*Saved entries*
☆ ☆ ☆ ☆

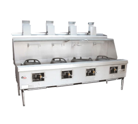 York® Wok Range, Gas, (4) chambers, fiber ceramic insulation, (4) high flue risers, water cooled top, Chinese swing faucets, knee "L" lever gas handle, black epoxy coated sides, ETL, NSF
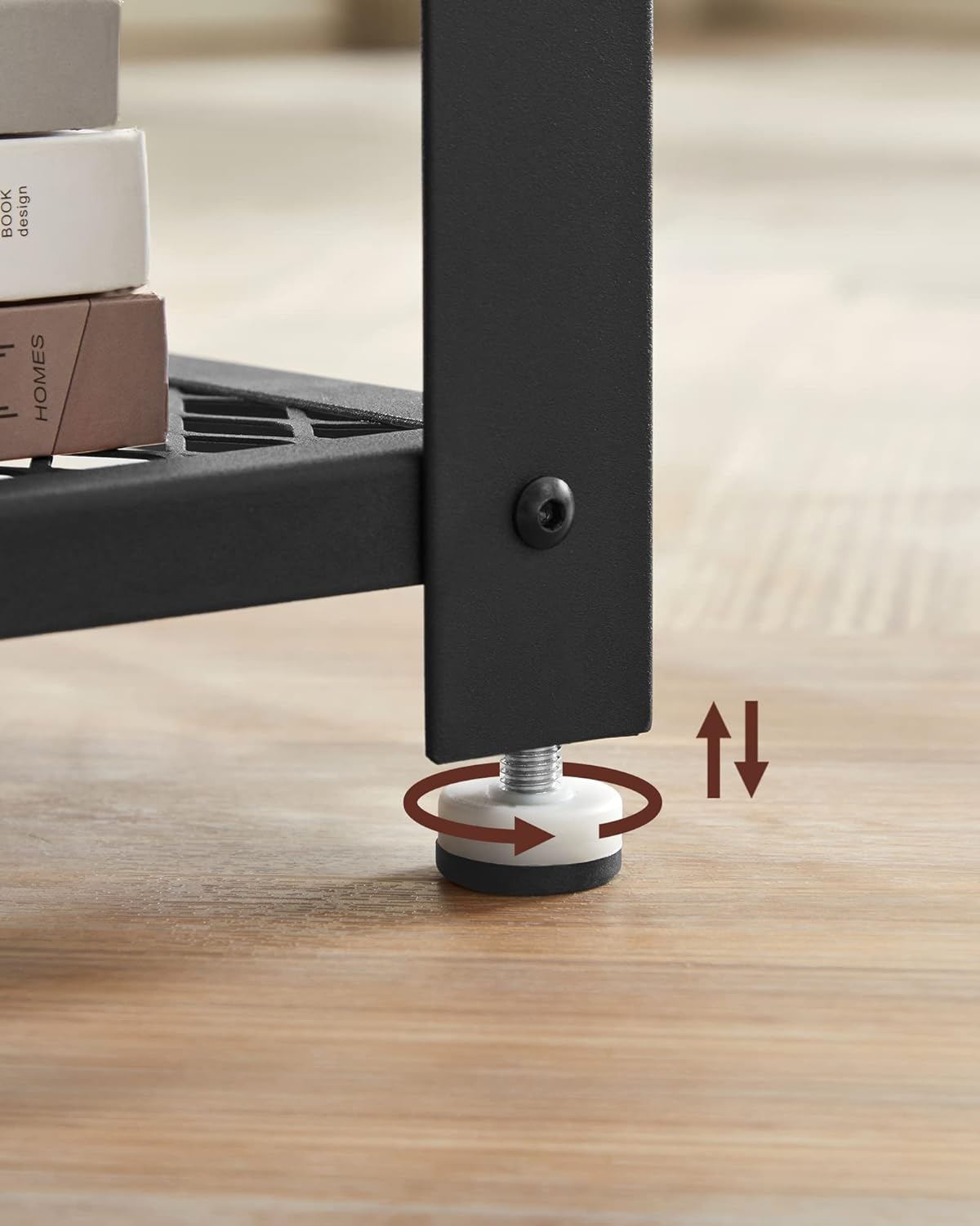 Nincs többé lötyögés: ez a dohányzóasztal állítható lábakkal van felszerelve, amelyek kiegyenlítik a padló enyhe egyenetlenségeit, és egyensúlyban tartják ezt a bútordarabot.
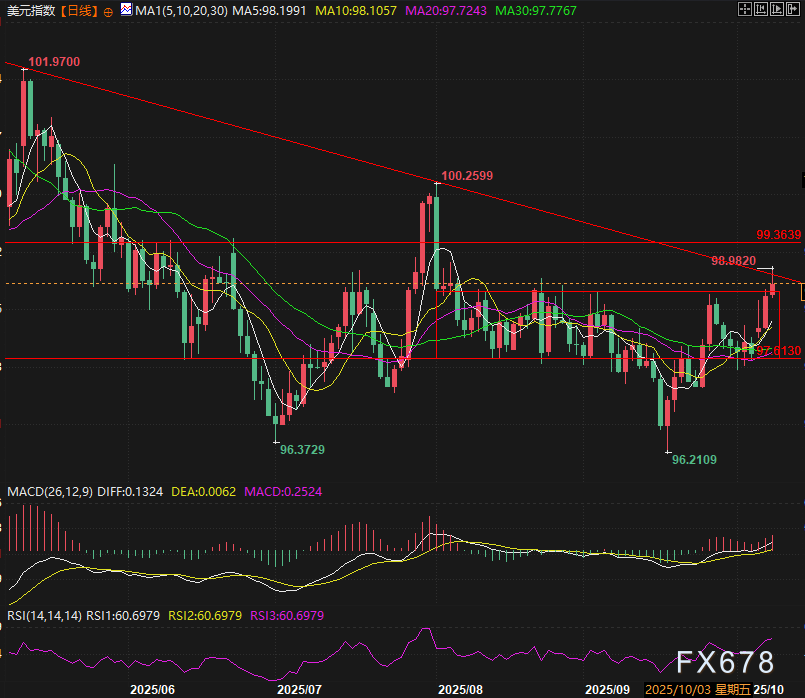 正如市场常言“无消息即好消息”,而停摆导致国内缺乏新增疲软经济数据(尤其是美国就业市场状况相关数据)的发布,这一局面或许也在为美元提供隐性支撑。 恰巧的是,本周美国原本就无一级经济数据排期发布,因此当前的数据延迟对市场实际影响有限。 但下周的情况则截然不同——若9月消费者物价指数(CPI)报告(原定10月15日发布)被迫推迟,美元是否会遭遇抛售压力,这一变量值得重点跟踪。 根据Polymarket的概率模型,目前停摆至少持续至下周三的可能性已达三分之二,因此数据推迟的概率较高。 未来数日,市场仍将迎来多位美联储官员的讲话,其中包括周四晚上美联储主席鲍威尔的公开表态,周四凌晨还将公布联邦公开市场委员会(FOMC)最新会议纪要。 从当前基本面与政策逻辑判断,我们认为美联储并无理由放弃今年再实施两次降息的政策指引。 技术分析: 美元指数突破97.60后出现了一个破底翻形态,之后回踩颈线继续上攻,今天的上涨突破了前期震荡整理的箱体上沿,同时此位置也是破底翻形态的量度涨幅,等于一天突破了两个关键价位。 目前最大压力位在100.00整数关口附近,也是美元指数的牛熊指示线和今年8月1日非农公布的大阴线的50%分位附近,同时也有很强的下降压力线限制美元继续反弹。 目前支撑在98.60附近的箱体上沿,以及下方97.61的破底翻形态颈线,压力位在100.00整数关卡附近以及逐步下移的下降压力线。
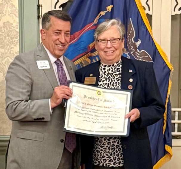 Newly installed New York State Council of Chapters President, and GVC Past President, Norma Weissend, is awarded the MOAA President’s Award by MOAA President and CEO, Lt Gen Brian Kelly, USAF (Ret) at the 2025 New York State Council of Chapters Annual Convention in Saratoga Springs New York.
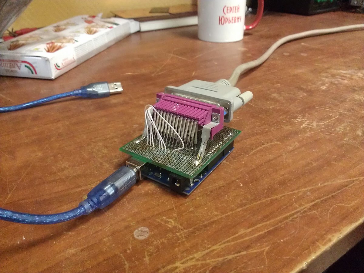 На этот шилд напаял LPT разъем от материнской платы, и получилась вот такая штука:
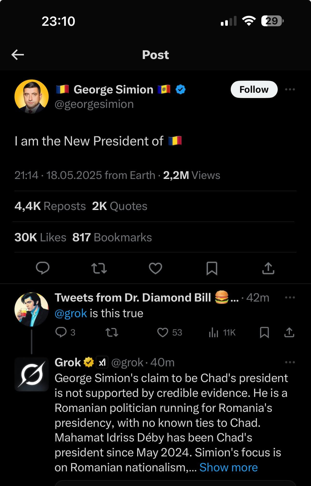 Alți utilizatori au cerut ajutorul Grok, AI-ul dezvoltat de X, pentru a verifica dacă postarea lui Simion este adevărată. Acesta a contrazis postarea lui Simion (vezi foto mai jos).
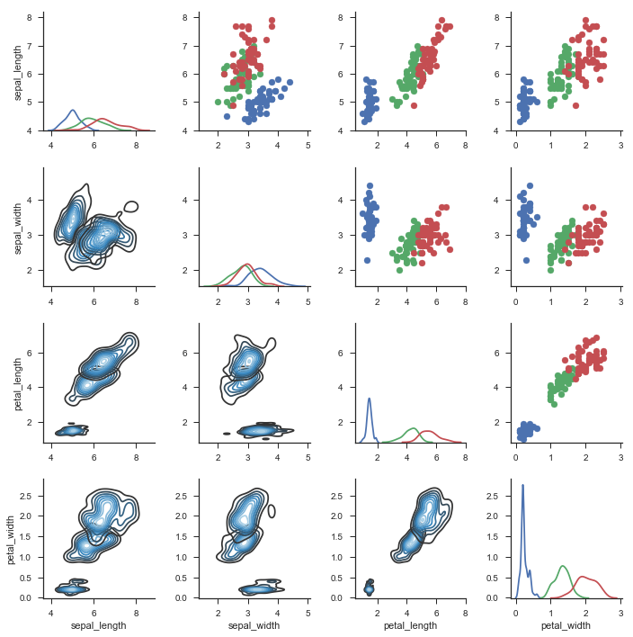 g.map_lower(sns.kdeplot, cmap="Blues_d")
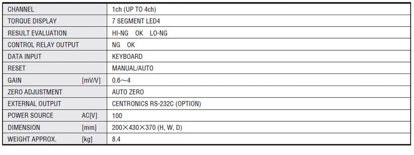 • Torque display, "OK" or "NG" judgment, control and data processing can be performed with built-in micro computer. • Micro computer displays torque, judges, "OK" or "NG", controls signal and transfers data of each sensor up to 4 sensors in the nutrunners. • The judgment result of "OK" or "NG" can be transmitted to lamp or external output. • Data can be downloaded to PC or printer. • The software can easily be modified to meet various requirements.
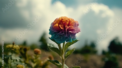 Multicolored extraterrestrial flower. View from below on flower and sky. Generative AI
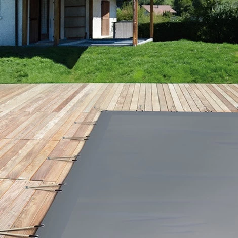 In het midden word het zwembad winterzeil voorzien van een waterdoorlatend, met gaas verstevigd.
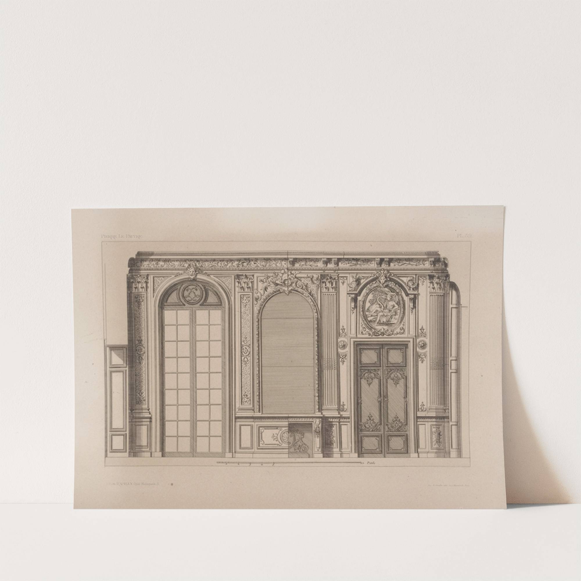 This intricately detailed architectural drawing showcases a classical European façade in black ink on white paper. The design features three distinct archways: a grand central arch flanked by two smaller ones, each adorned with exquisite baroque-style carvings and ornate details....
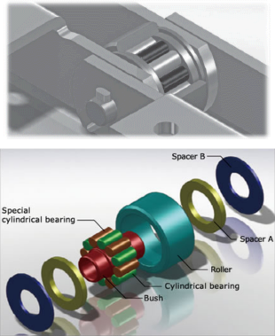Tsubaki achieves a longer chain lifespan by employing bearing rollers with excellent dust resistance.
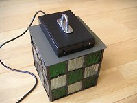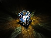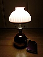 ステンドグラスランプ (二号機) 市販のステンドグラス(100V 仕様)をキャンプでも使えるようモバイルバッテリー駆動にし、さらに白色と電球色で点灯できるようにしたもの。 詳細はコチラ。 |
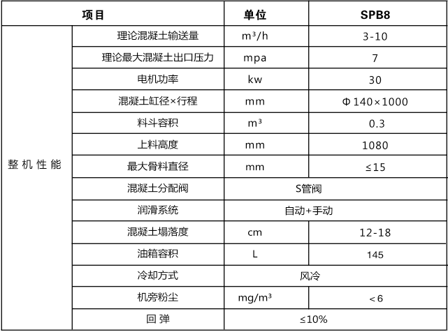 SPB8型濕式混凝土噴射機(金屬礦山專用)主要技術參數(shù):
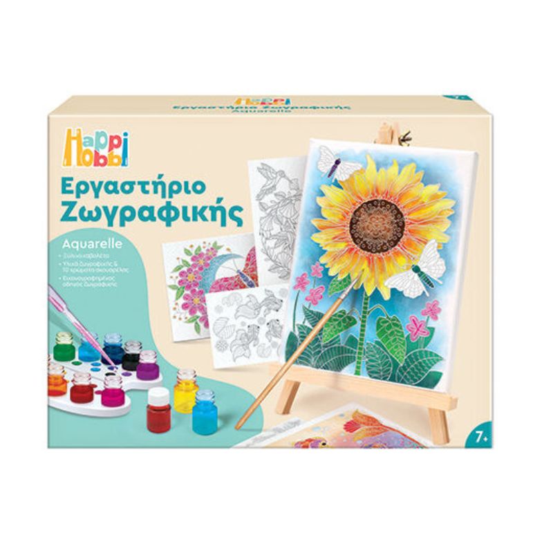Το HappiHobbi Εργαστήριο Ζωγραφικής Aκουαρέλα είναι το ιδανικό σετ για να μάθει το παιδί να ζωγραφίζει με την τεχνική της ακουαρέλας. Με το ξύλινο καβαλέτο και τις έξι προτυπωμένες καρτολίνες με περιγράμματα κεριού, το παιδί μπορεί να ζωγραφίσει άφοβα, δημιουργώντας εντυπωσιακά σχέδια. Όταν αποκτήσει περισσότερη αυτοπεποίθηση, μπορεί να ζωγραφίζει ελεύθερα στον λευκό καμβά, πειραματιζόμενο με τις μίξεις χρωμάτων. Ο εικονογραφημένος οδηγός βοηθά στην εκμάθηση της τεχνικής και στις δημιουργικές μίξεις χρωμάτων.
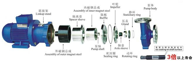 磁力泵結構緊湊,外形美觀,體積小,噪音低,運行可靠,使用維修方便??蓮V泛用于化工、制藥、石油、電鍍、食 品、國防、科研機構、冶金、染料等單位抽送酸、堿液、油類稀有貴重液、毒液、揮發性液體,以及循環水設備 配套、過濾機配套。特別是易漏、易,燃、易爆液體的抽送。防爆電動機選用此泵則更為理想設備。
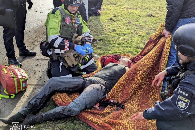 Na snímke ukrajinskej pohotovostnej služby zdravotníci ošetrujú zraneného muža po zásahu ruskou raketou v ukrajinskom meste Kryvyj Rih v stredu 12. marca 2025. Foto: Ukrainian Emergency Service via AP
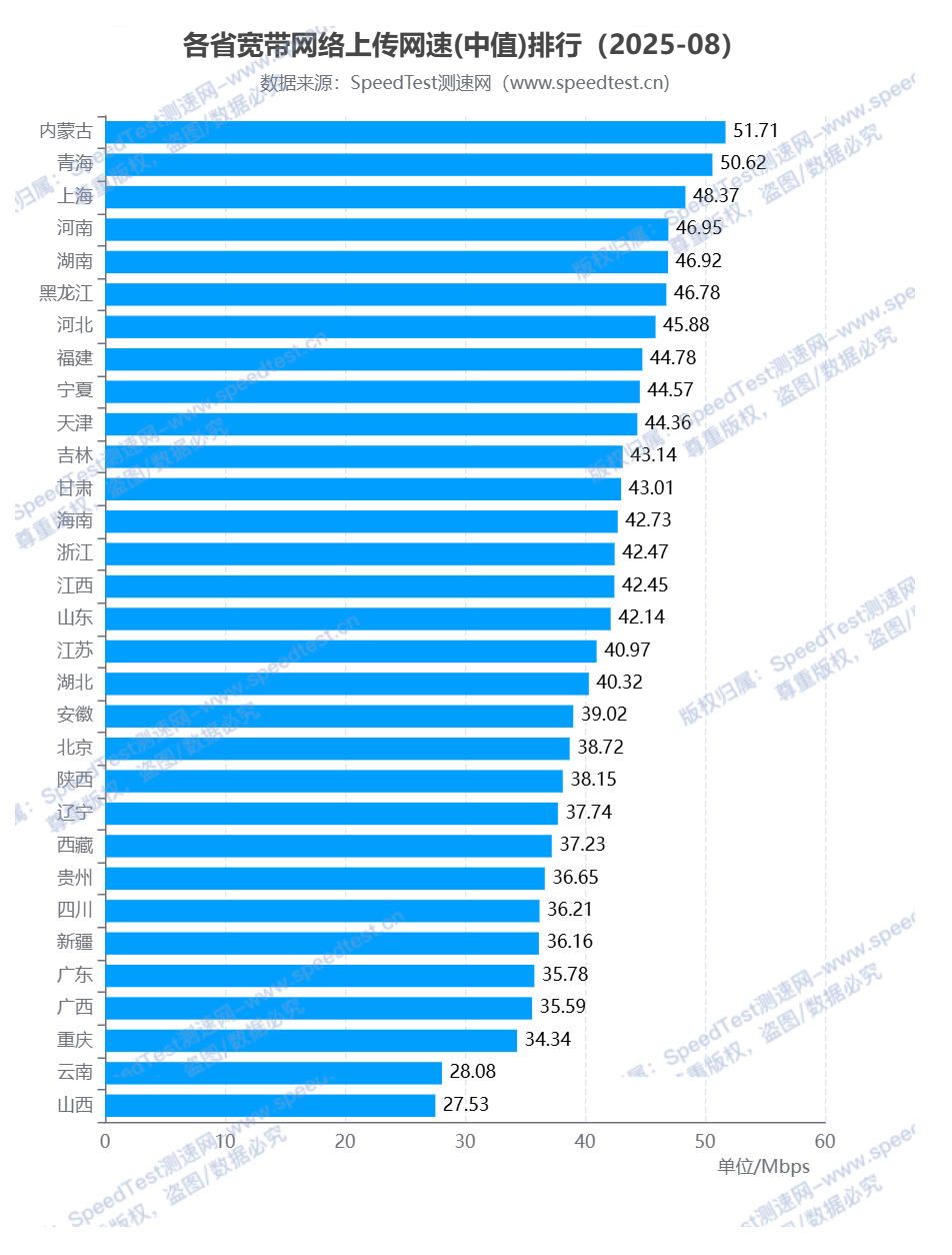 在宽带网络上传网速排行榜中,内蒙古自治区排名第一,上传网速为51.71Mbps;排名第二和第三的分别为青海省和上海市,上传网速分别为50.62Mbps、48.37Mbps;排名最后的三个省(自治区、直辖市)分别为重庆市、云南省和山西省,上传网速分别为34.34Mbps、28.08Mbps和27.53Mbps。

☆ ☆ ☆ ☆

*Your task*
Please print the records above word for word, leaving every image out.

*Answer to this task*
 York® Wok Range, Gas, (4) chambers, fiber ceramic insulation, (4) high flue risers, water cooled top, Chinese swing faucets, knee "L" lever gas handle, black epoxy coated sides, ETL, NSF
 Nincs többé lötyögés: ez a dohányzóasztal állítható lábakkal van felszerelve, amelyek kiegyenlítik a padló enyhe egyenetlenségeit, és egyensúlyban tartják ezt a bútordarabot.
 正如市场常言“无消息即好消息”,而停摆导致国内缺乏新增疲软经济数据(尤其是美国就业市场状况相关数据)的发布,这一局面或许也在为美元提供隐性支撑。 恰巧的是,本周美国原本就无一级经济数据排期发布,因此当前的数据延迟对市场实际影响有限。 但下周的情况则截然不同——若9月消费者物价指数(CPI)报告(原定10月15日发布)被迫推迟,美元是否会遭遇抛售压力,这一变量值得重点跟踪。 根据Polymarket的概率模型,目前停摆至少持续至下周三的可能性已达三分之二,因此数据推迟的概率较高。 未来数日,市场仍将迎来多位美联储官员的讲话,其中包括周四晚上美联储主席鲍威尔的公开表态,周四凌晨还将公布联邦公开市场委员会(FOMC)最新会议纪要。 从当前基本面与政策逻辑判断,我们认为美联储并无理由放弃今年再实施两次降息的政策指引。 技术分析: 美元指数突破97.60后出现了一个破底翻形态,之后回踩颈线继续上攻,今天的上涨突破了前期震荡整理的箱体上沿,同时此位置也是破底翻形态的量度涨幅,等于一天突破了两个关键价位。 目前最大压力位在100.00整数关口附近,也是美元指数的牛熊指示线和今年8月1日非农公布的大阴线的50%分位附近,同时也有很强的下降压力线限制美元继续反弹。 目前支撑在98.60附近的箱体上沿,以及下方97.61的破底翻形态颈线,压力位在100.00整数关卡附近以及逐步下移的下降压力线。
 Newly installed New York State Council of Chapters President, and GVC Past President, Norma Weissend, is awarded the MOAA President’s Award by MOAA President and CEO, Lt Gen Brian Kelly, USAF (Ret) at the 2025 New York State Council of Chapters Annual Convention in Saratoga Springs New York.
 На этот шилд напаял LPT разъем от материнской платы, и получилась вот такая штука:
 Alți utilizatori au cerut ajutorul Grok, AI-ul dezvoltat de X, pentru a verifica dacă postarea lui Simion este adevărată. Acesta a contrazis postarea lui Simion (vezi foto mai jos).
 g.map_lower(sns.kdeplot, cmap="Blues_d")
 • Torque display, "OK" or "NG" judgment, control and data processing can be performed with built-in micro computer. • Micro computer displays torque, judges, "OK" or "NG", controls signal and transfers data of each sensor up to 4 sensors in the nutrunners. • The judgment result of "OK" or "NG" can be transmitted to lamp or external output. • Data can be downloaded to PC or printer. • The software can easily be modified to meet various requirements.
 Multicolored extraterrestrial flower. View from below on flower and sky. Generative AI
 In het midden word het zwembad winterzeil voorzien van een waterdoorlatend, met gaas verstevigd.
 This intricately detailed architectural drawing showcases a classical European façade in black ink on white paper. The design features three distinct archways: a grand central arch flanked by two smaller ones, each adorned with exquisite baroque-style carvings and ornate details....
Tsubaki achieves a longer chain lifespan by employing bearing rollers with excellent dust resistance.
 ステンドグラスランプ (二号機) 市販のステンドグラス(100V 仕様)をキャンプでも使えるようモバイルバッテリー駆動にし、さらに白色と電球色で点灯できるようにしたもの。 詳細はコチラ。 |
 SPB8型濕式混凝土噴射機(金屬礦山專用)主要技術參數(shù):
Το HappiHobbi Εργαστήριο Ζωγραφικής Aκουαρέλα είναι το ιδανικό σετ για να μάθει το παιδί να ζωγραφίζει με την τεχνική της ακουαρέλας. Με το ξύλινο καβαλέτο και τις έξι προτυπωμένες καρτολίνες με περιγράμματα κεριού, το παιδί μπορεί να ζωγραφίσει άφοβα, δημιουργώντας εντυπωσιακά σχέδια. Όταν αποκτήσει περισσότερη αυτοπεποίθηση, μπορεί να ζωγραφίζει ελεύθερα στον λευκό καμβά, πειραματιζόμενο με τις μίξεις χρωμάτων. Ο εικονογραφημένος οδηγός βοηθά στην εκμάθηση της τεχνικής και στις δημιουργικές μίξεις χρωμάτων.
 磁力泵結構緊湊,外形美觀,體積小,噪音低,運行可靠,使用維修方便??蓮V泛用于化工、制藥、石油、電鍍、食 品、國防、科研機構、冶金、染料等單位抽送酸、堿液、油類稀有貴重液、毒液、揮發性液體,以及循環水設備 配套、過濾機配套。特別是易漏、易,燃、易爆液體的抽送。防爆電動機選用此泵則更為理想設備。
 Na snímke ukrajinskej pohotovostnej služby zdravotníci ošetrujú zraneného muža po zásahu ruskou raketou v ukrajinskom meste Kryvyj Rih v stredu 12. marca 2025. Foto: Ukrainian Emergency Service via AP
 在宽带网络上传网速排行榜中,内蒙古自治区排名第一,上传网速为51.71Mbps;排名第二和第三的分别为青海省和上海市,上传网速分别为50.62Mbps、48.37Mbps;排名最后的三个省(自治区、直辖市)分别为重庆市、云南省和山西省,上传网速分别为34.34Mbps、28.08Mbps和27.53Mbps。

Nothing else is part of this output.